Dil sistemi ve özellikle Türkçemiz; karşıtlık (zıtlık) ilkesi üzerine şekillenir. Ünlüler ünsüzlerle, eş anlamlı kelimeler zıt anlamlı sözcüklerle bir karşıtlık (zıtlık) düzeni içinde konuşma ve anlaşma dili haline gelir. Bunların en önemli gereği ise, sözcükleri seçme ve sıraya dizme eksenidir.
Bir dili kullanırken sözcükleri, dil bilgisinden bildiğimiz bir düzende “özne, tümleç, nesne, yüklem” düzeninde sıralamak gerekir. Buna sıralama ekseni adı verilir. Sıralama ekseninde sözcüklere, cümle içindeki görevlerine göre yeni bir anlam yüklenir. “Ahmet kediyi yakaladı.” cümlesinde Ahmet eylemi yapan öznedir, kedi ise bu eylemden etkilenen varlık yerindedir. “Kedi fareyi yakaladı.” cümlesinde eylemi yapan kedidir. Bu, şu anlama gelmektedir: Sözcüğün cümle içindeki konumu, ona yeni bir anlam kazandırıverir. Buna, sözcüğün dil bilgisi anlamı denir. Sıralama ekseninde yapılan değişiklikler, çok ciddi anlam değişmelerine yol açabilir. Türkçe, söz dizimi açısından kurallı bir dil olduğundan onu doğru kullanmanın temel şartlarından birisi, sıralama eksenine dikkat etmektir.

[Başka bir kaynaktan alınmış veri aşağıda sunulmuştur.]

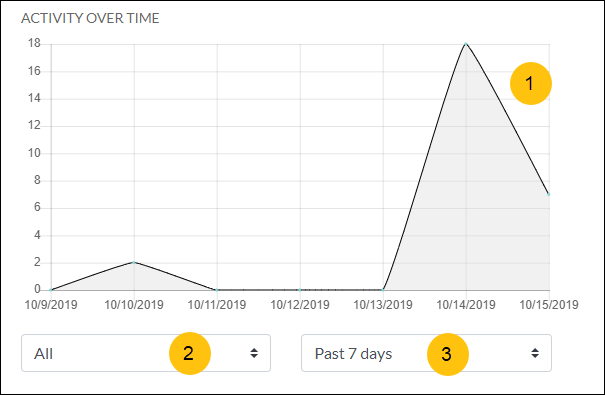 The Activity Over Time chart displays the number of interviews that you have either requested or scheduled during the specified time period. You can refer to this chart for an overview of your recruiting activity during a specific time period.

Sıralama ekseninde yer alan sözcükler bulundukları konuma bağlı olarak dil bilgisel (gramatikal) bir anlam kazandıkları gibi, önünde veya ardında bulunan sözcüklere göre ve birbirlerine bağlanış biçimlerine göre yeni anlamlar kazanabilir. Bu anlama, kelimenin söz dizimi anlamı denir. “Göz” sözcüğü bir cümle içinde kendisinden sonra gelen sözcüğe göre yeni anlamlar içerir: “Göz alıcı, göz hekimi, göz hakkı, göz hapsi, göz kararı, göz koymak, göz önü, gözyaşı, göz yummak, gözden düşmek, göze gelmek, gözden kaçmak, gözden kaybolmak, göze girmek, gözü tok” gibi kullanımlarda “göz” sözcüğüne çok farklı anlamlar yüklenmiştir.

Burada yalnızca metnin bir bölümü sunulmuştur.